Ortuño propone dos premisas simultáneas: incentivar la inversión, eliminar trabas y valorizar la capacidad del mercado; y construir al mismo tiempo regulaciones estatales inteligentes. No el Estado omnipresente del ciclo anterior, sino uno capaz de orientar, proteger intereses geopolíticos y controlar externalidades ambientales. «En ciertos temas el Estado tiene que intervenir más —en el tema ambiental, por ejemplo— y en otros tiene que liberalizar. Ese es el juego inteligente hoy en día”, asevera.
El factor tecnológico y financiero
Hay una dimensión del problema que rara vez aparece en el debate público boliviano: la precariedad financiera y tecnológica que ha limitado la capacidad del país para gestionar sus propios recursos. Bolivia no tiene especialistas en el mercado global del litio capaces de determinar en qué momento del ciclo conviene invertir.

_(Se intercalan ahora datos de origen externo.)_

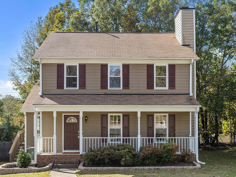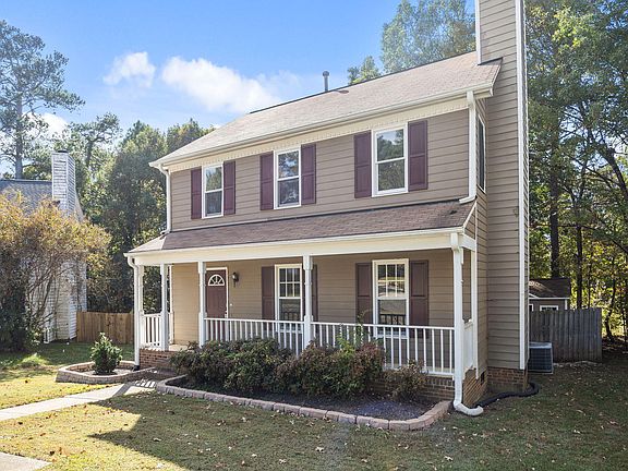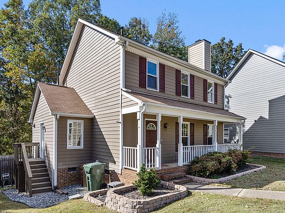 Interior Updates are Complete on this East Facing Cary Home located in a Cul-de-Sac. A Full Front Porch welcomes your guests. Refinished Hardwood Floors throughout the Entire First Floor. Family Room with Fireplace and Ceiling Fan. Formal Dining Room off the Kitchen. Kitchen features Granite Countertops, Tile Backsplash, and Stainless Steel Built-in Appliances. White Refrigerator will Convey. Adjacent Breakfast Room fills with Natural Light from the Sliding Glass Door to the Deck. Office Nook off the Side Entry Porch. New Carpet throughout the 2nd Floor. Vaulted Primary Suite with Ceiling Fan. Primary Bath with LVP, Freshly Refinished Garden Tub/Shower Combo w/ Tile Surround, Private Water Closet and Walk-in Closet. Two Additional Bedrooms up. Fresh Paint throughout the entire house. Front Load Washer and Dryer Convey. Outside features a Fenced Backyard, Paver Patio, and Wired Finished Storage Shed w/ Window A/C Unit. The lot extends beyond the fenced portion of the property providing you with over 1/3 acre.

No cuenta con expertos en la construcción de bonos sobre recursos naturales, instrumentos que en otras partes permiten levantar capital antes de que una mina esté operativa. No comprende suficientemente los ciclos de precios de sus minerales, que dependen no solo de la producción sino también de la manipulación en mercados financieros globales. «Esas ignorancias han puesto límites en mucho de lo que se pudo lograr», dice Ortuño. Si va a abrirse un nuevo ciclo, esa apertura no puede hacerse con una visión ingenua de cómo funcionan los mercados internacionales.
El factor social
Hay un elemento que ningún diseño técnico puede sustituir: la cohesión social y política sin la cual cualquier reforma termina bloqueada. Bolivia lo ha experimentado en carne propia. El contrato con una empresa alemana para el desarrollo del litio era, en términos técnicos y financieros, un buen contrato. Se cayó debido a un conflicto social. La historia boliviana está llena de buenos diseños que naufragaron porque nadie los construyó políticamente.
«Una liberalización mal manejada socialmente y políticamente nos puede llevar a otro callejón sin salida, igual que la nacionalización mal manejada», advierte Ortuño. La solución no es técnica. «No pasa por otra cosa que encontrar modelos de gestión política democráticos, de conversación con la gente, de persuasión”. Y la persuasión requiere una visión común que el Estado tiene que construir y sostener. Sin eso, ni los inversores vienen, o si vienen, los conflictos los expulsan.
A modo de cierre
Ortuño lanza al final una advertencia que vale la pena tomar en serio: el mayor riesgo del momento no es la falta de reformas, sino la sobrecarga de expectativas sobre lo que pueden producir y en cuánto tiempo. El gasoducto al Brasil tardó una década en negociarse y construirse. El ciclo de la soya en el oriente tomó entre veinte y treinta años de maduración. «Los grandes procesos de transformación económica toman entre cinco y diez años, no seis meses», dice.
El país necesita dos cosas al mismo tiempo: las reformas estructurales de largo plazo, sabiendo que sus frutos llegarán tarde, y una estrategia para funcionar en el mientras tanto con lo que hay. Pero antes de todo eso necesita algo que parece más simple y resulta más difícil: saber con claridad hacia dónde quiere ir. Esa definición no es económica. Es política.